■ Task details ■
Go to the line that contains "RJ45插座,8P8C,单端", then write out that line and all that follow to the end of the listing, exactly and without pictures.

[[ Data section open ]]

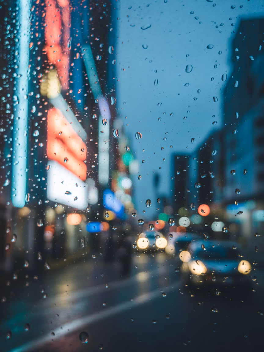 Experience the vibrant energy of a city at night with this stunning image captured through a rainy window. Colorful neon lights and car headlights create a beautiful bokeh effect, enhancing the lively atmosphere. The focus on the raindrops adds texture, while the blurred background emphasizes the in
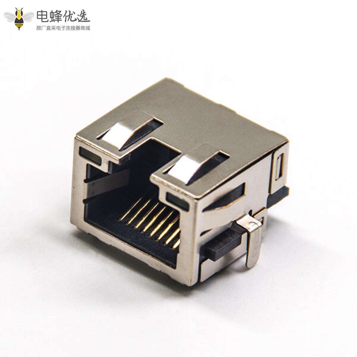 RJ45插座,8P8C,单端口,1*1,弯式90°,触头镀金,沉板,插板,带屏蔽,带灯,不带滤波,带弹片;
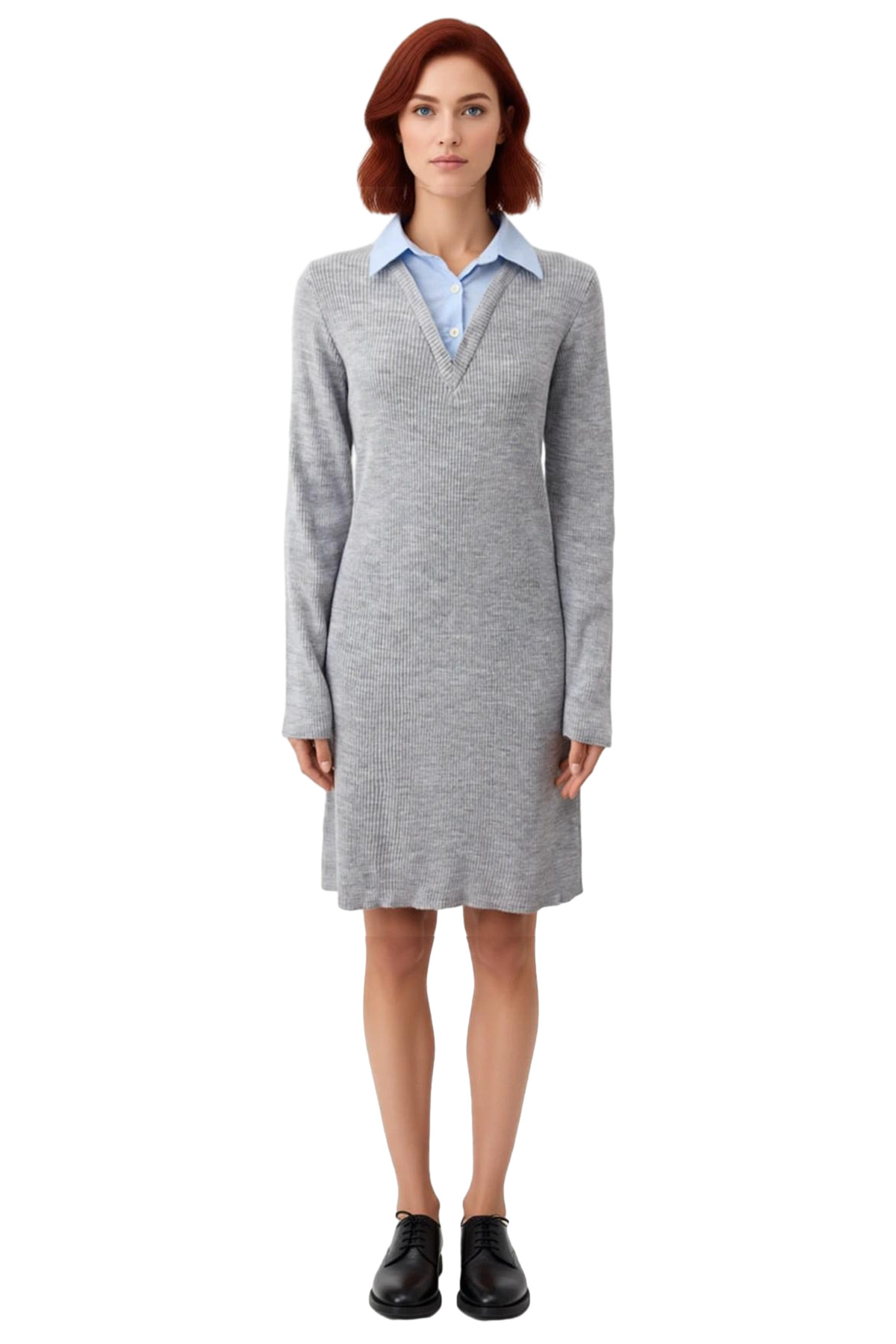Şık Kadın Renk Bloklu Gömlek Yaka Detaylı Uzun Kollu Triko Mini Elbise Kış Kombinleri İçin İdeal

[[ Data section closed ]]

■ Response area ■
 RJ45插座,8P8C,单端口,1*1,弯式90°,触头镀金,沉板,插板,带屏蔽,带灯,不带滤波,带弹片;
Şık Kadın Renk Bloklu Gömlek Yaka Detaylı Uzun Kollu Triko Mini Elbise Kış Kombinleri İçin İdeal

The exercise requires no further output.